General information
- Type: Performance single-seat glider
- National origin: Italy
- Manufacturer: F.A.L. Teichfuss (Fabrica Alianti Teichfuss), la Aie, Pavulla
- Designer: Luigi Teichfluss
- Number built: 1

History
- First flight: 1935

= Teichfuss Supergrifo =

The Teichfuss Supergrifo or Super Grifo was an Italian competition glider designed by Luigi Teichfuss and flown in 1935. Only one was built.

==Design and development==

The Supergrifo design began as an attempt to improve upon the Grifo but evolved into a much higher performance aircraft.
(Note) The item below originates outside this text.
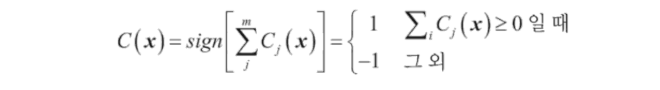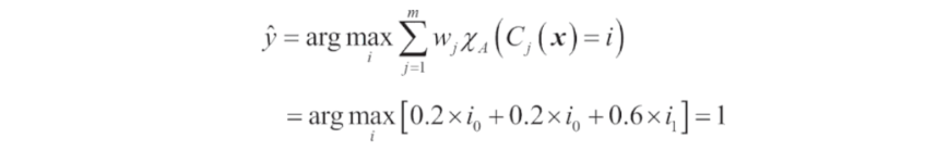 수학적으로 표현하면 가중치가 적용된 다수결 투표는 다음과 같다.

The two models shared the same fuselage apart from the introduction of an enclosed cockpit but its wing was entirely new and of much greater span.

It was a braced high-wing monoplane, its single spar wing having a centre section, covering about one third of the span, which was rectangular in plan and had slight dihedral. The rest of the wing was strongly tapered to rounded wing tips; there was no sweep on the leading edges but the trailing edges were forward swept. There was no dihedral on these outer panels, making the Supergrifo slightly gull winged. Ailerons almost filled their trailing edges. The increase of span to 18 m increased the aspect ratio by 60% to just over 20:1. The wing was centrally mounted over the fuselage on a pedestal, which dropped rapidly away to the upper fuselage behind the trailing edge, and braced on each side by a pair of parallel faired struts from the lower fuselage to the ends of the wing central panel.

The Supergrifo's fuselage was a ply covered wooden hexagonal structure with deep sides. The cockpit, placed immediately ahead of the pedestal, was covered with a multi-transparency canopy attached to the cockpit rim and lifting off in one piece. All the tail surfaces were straight tapered and straight tipped, with the tailplane mounted on top of the fuselage and carrying unbalanced elevators. The fin was small but mounted a large, balanced rudder which extended down to the keel, working in an elevator cut-out and provided with a protecting tail bumper. The Supergrifo's landing skid, equipped with rubber shock absorbers, reached aft to the rear wing strut.

The Supergrifo first flew in 1935. Only one was built. It competed in the Second Italian National Gliding Competition, held at Asiago in August 1938. There, Adriano Mantelli won the City of Vicenza prize for a flight to that city lasting 219 minutes and gaining 2000 m en route.